▶ **ENTRIES SUPPLIED**
-- Opening Marker --

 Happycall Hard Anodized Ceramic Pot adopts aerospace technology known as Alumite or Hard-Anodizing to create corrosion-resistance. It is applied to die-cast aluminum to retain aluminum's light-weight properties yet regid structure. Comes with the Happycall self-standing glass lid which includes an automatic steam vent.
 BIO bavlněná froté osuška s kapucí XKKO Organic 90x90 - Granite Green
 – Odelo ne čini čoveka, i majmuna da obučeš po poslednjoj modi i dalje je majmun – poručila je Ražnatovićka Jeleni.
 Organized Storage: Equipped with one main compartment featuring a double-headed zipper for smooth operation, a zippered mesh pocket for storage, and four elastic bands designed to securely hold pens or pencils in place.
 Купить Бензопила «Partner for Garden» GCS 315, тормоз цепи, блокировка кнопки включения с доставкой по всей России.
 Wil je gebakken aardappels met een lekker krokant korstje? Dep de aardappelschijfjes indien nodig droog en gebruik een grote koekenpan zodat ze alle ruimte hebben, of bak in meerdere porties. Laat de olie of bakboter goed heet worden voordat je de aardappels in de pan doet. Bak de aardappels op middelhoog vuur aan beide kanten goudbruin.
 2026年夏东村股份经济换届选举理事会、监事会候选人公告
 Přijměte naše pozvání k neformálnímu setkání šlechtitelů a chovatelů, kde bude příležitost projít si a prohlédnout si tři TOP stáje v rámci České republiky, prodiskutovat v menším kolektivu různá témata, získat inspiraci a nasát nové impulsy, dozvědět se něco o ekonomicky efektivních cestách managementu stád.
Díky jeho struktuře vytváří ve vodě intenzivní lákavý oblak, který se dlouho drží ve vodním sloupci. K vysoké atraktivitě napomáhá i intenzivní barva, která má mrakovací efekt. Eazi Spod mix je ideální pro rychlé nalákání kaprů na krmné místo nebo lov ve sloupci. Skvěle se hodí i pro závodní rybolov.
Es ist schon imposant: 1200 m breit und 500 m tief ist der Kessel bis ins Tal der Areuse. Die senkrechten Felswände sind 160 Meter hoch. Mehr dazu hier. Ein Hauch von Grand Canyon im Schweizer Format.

-- Closing Marker --

▶ **EXERCISE INSTRUCTIONS**
Transcribe every entry in the listing, word for word.

▶ **REPLY**
 Happycall Hard Anodized Ceramic Pot adopts aerospace technology known as Alumite or Hard-Anodizing to create corrosion-resistance. It is applied to die-cast aluminum to retain aluminum's light-weight properties yet regid structure. Comes with the Happycall self-standing glass lid which includes an automatic steam vent.
 BIO bavlněná froté osuška s kapucí XKKO Organic 90x90 - Granite Green
 – Odelo ne čini čoveka, i majmuna da obučeš po poslednjoj modi i dalje je majmun – poručila je Ražnatovićka Jeleni.
 Organized Storage: Equipped with one main compartment featuring a double-headed zipper for smooth operation, a zippered mesh pocket for storage, and four elastic bands designed to securely hold pens or pencils in place.
 Купить Бензопила «Partner for Garden» GCS 315, тормоз цепи, блокировка кнопки включения с доставкой по всей России.
 Wil je gebakken aardappels met een lekker krokant korstje? Dep de aardappelschijfjes indien nodig droog en gebruik een grote koekenpan zodat ze alle ruimte hebben, of bak in meerdere porties. Laat de olie of bakboter goed heet worden voordat je de aardappels in de pan doet. Bak de aardappels op middelhoog vuur aan beide kanten goudbruin.
 2026年夏东村股份经济换届选举理事会、监事会候选人公告
 Přijměte naše pozvání k neformálnímu setkání šlechtitelů a chovatelů, kde bude příležitost projít si a prohlédnout si tři TOP stáje v rámci České republiky, prodiskutovat v menším kolektivu různá témata, získat inspiraci a nasát nové impulsy, dozvědět se něco o ekonomicky efektivních cestách managementu stád.
Díky jeho struktuře vytváří ve vodě intenzivní lákavý oblak, který se dlouho drží ve vodním sloupci. K vysoké atraktivitě napomáhá i intenzivní barva, která má mrakovací efekt. Eazi Spod mix je ideální pro rychlé nalákání kaprů na krmné místo nebo lov ve sloupci. Skvěle se hodí i pro závodní rybolov.
Es ist schon imposant: 1200 m breit und 500 m tief ist der Kessel bis ins Tal der Areuse. Die senkrechten Felswände sind 160 Meter hoch. Mehr dazu hier. Ein Hauch von Grand Canyon im Schweizer Format.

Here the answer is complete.